Compile & Execute a C# Program:

If you are using Visual Studio.Net for compiling and executing C# programs, take the following steps:

  • Start Visual Studio.

  • On the menu bar, choose File, New, Project.

  • Choose Visual C# from templates, and then choose Windows.

  • Choose Console Application.

  • Specify a name for your project, and then choose the OK button.

  • The new project appears in Solution Explorer.

  • Write code in the Code Editor.

  • Click the Run button or the F5 key to run the project. A Command Prompt window appears that contains the line Hello World.

You can compile a C# program by using the command-line instead of the Visual Studio IDE:

  • Open a text editor and add the above-mentioned code.

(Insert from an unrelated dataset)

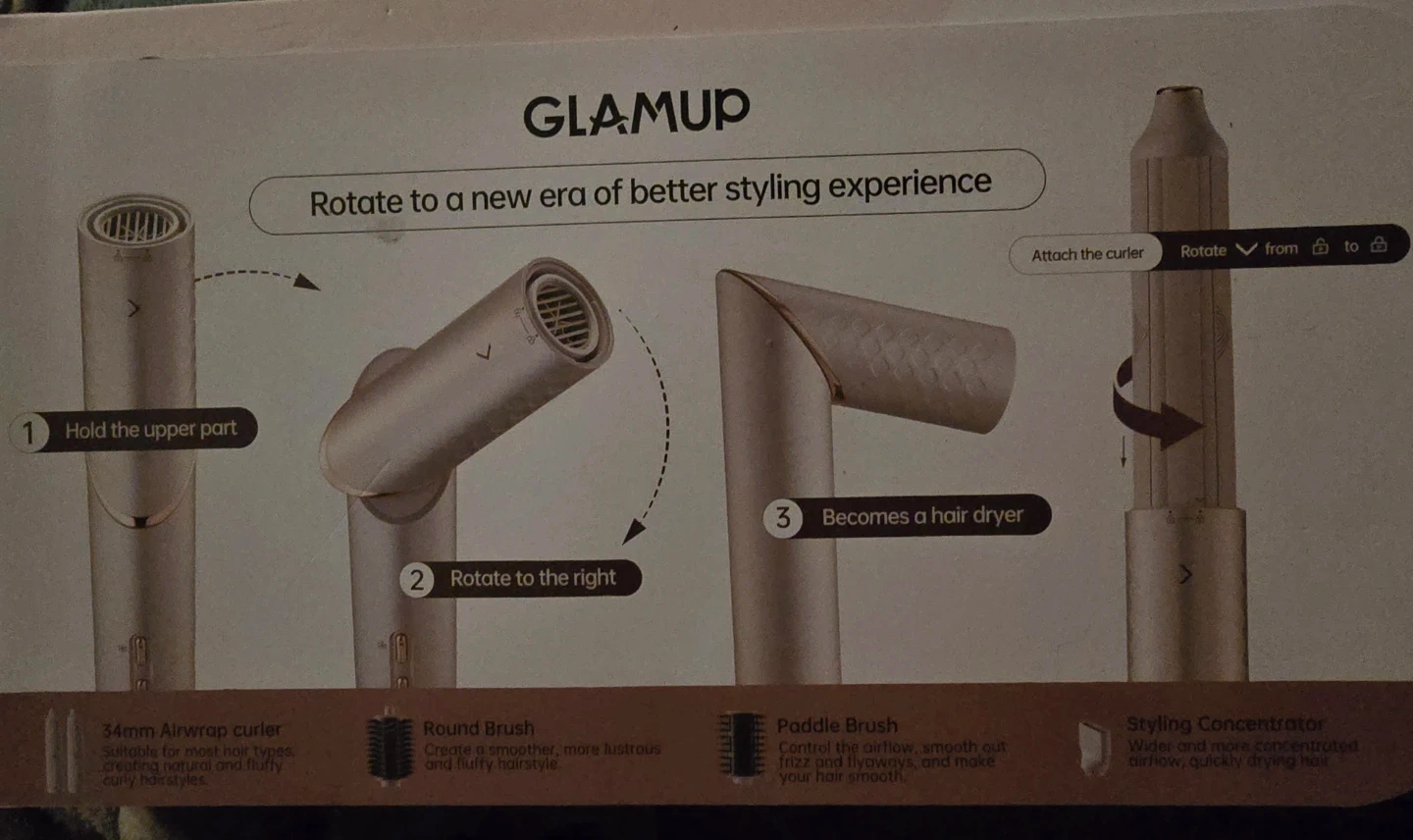 I'm selling a GlamUp Beauty Wand. It's a multi-styling tool for creating versatile hairstyles.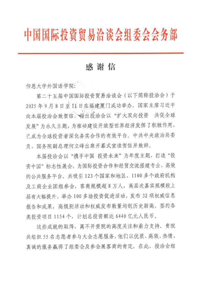 此次投洽会组委会的感谢信(全文详见附件),既是对学院志愿服务工作的认可,更是对学院人才培养质量的肯定。后续,学院将以此为契机,总结经验、优化服务,持续推动志愿服务与专业教育深度融合,助力学生在实践中成长成才。(编辑/陈夜羽 审核/刘冬利)

  • Save the file as helloworld.cs

  • Open the command prompt tool and go to the directory where you saved the file.

  • Type csc helloworld.cs and press enter to compile your code.

  • If there are no errors in your code, the command prompt will take you to the next line and would generate helloworld.exe executable file.

  • Next, type helloworld to execute your program.

  • You will be able to see "Hello World" printed on the screen.